Behind all of this strategy is Alex Shultz, who joined Facebook’s growth department in 2007. His almost fanatical use of data analysis was so successful that several companies around the world copied the methodology. Without a doubt, this is an exemplary model for growth hacking.
Birchbox is a subscription service that sends a monthly box with 5 personalized beauty products. Its success has been overwhelming, as it has soon managed to reach $125 million in profits with an original investment of $12 million.
Birchbox’s growth hacking strategy was based on a “members get members” methodology. Essentially, they established a recommendation program aimed at making users recommend others quickly and easily. For every new customer who joined Birchbox, the recommender would receive a reward.
This strategy is nothing new, but its key to success lies in the offer’s value. Many times companies decide to offer a reward or incentive that is not interesting enough for the customer to take the time to make recommendations. In this case, Birchbox gave 10€ to the recommender, providing a large incentive since the cost of one Birchbox is nearly 10€. To sum it up, growth hacking isn’t always about reinventing the wheel, but just applying tried and true methods to your own brand.
Uber is another good example of growth hacking and exponential growth. Since 2014, their growth has been explosive. In 2015 they had over 150,000 active drivers every month.
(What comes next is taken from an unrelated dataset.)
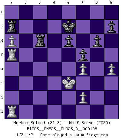 Last move : 1/2-1/2 2011 November 10 16:53:42 [Event "FICGS__CHESS__CLASS_A__000106"] [Site "FICGS"] [Date "2011.09.08"] [Round "1"] [White "Markus,Roland"] [Black "Wolf,Bernd"] [Result "1/2-1/2"] [WhiteElo "2113"] [BlackElo "2020"] 1.d4 Nf6 2.Nf3 e6 3.Bf4 b6 4.c4 Bb7 5.e3 Be7 6.h3 c5 7.Nc3 cxd4 8.Nxd4 O-O 9.Ndb5 Ne8 10.Qd2 a6 11.Nd6 Nxd6 12.Bxd6 Bxd6 13.Qxd6 b5 14.cxb5 axb5 15.Bxb5 Bxg2 16.Rg1 Bf3 17.a4 Qf6 18.Qf4 Qxf4 19.exf4 Nc6 20.Kd2 Rfb8 21.Ke3 Bh5 22.Bxc6 dxc6 23.Rg5 Bg6 24.Rc5 Rxb2 25.Rxc6 Rc2 26.a5 f6 27.Rd1 Kf8 28.Rc5 Rb2 29.Ra1 Rb3 30.a6 Ra7 31.Kd4 Rb6 32.Rca5 Rc6 33.Ne4 Bxe4 34.Kxe4 g6 35.h4 Ke7 36.Ke3 f5 1/2-1/2 Queen's pawn game Kingside Castling by player Black (move 8) This chess game ended in a draw. Follow this game move after move (download)A Chess game is divided into three stages: the first, when you hope you have the advantage, the second when you believe you have an advantage, and the third... when you know you're going to lose ! (Savielly Tartakower) Ich verachte die Medien. (Robert James Fischer) Estaba muy claro de que el punto vulnerable del Gran Maestro Americano (Bobby Fischer) radicaba en las posiciones de doble filo, colgantes, irracionales, donde el siempre falló en encontrar un triunfo aún en una posición de clara victoria. (Efim Geller) La guerre est enfant de la passion, la passion est enfant du narcissisme et le narcissisme est l'enfant. (...) Une autre partie ? (Thibault de Vassal) It's unlucky to be superstitious. (Dave Enteles)

Uber’s strategy is based on two pillars: free rides and event sponsorship.
Uber offers free trips to users who register on their app for the first time. But, users have to input their credit card information in the app to be registered, even if they only intend to use the free ride. This is an easy way for them to overcome the first barrier with users.
As we discussed in Birchbox’s example, giving a valuable offer to users is a great growth hacking strategy. Sometimes we spend 50€ to capture a user, only to get 10€ back in return. Uber shows us that we can break up with this mentality.
Additionally, Uber has been able to take advantage of the key moments when there is a high need for transportation to multiply its downloads. An interesting example was the taxi strike in Mexico, in which they offered free travel to users. They promoted the offer with the hashtag #UberNoPara. They managed to increase their download volume by 800% with this method.
As you can see, in many growth hacking cases there is a variety of a handful of useful strategies. Don’t be afraid to apply them to your brand, and get ready to see the numbers roll in.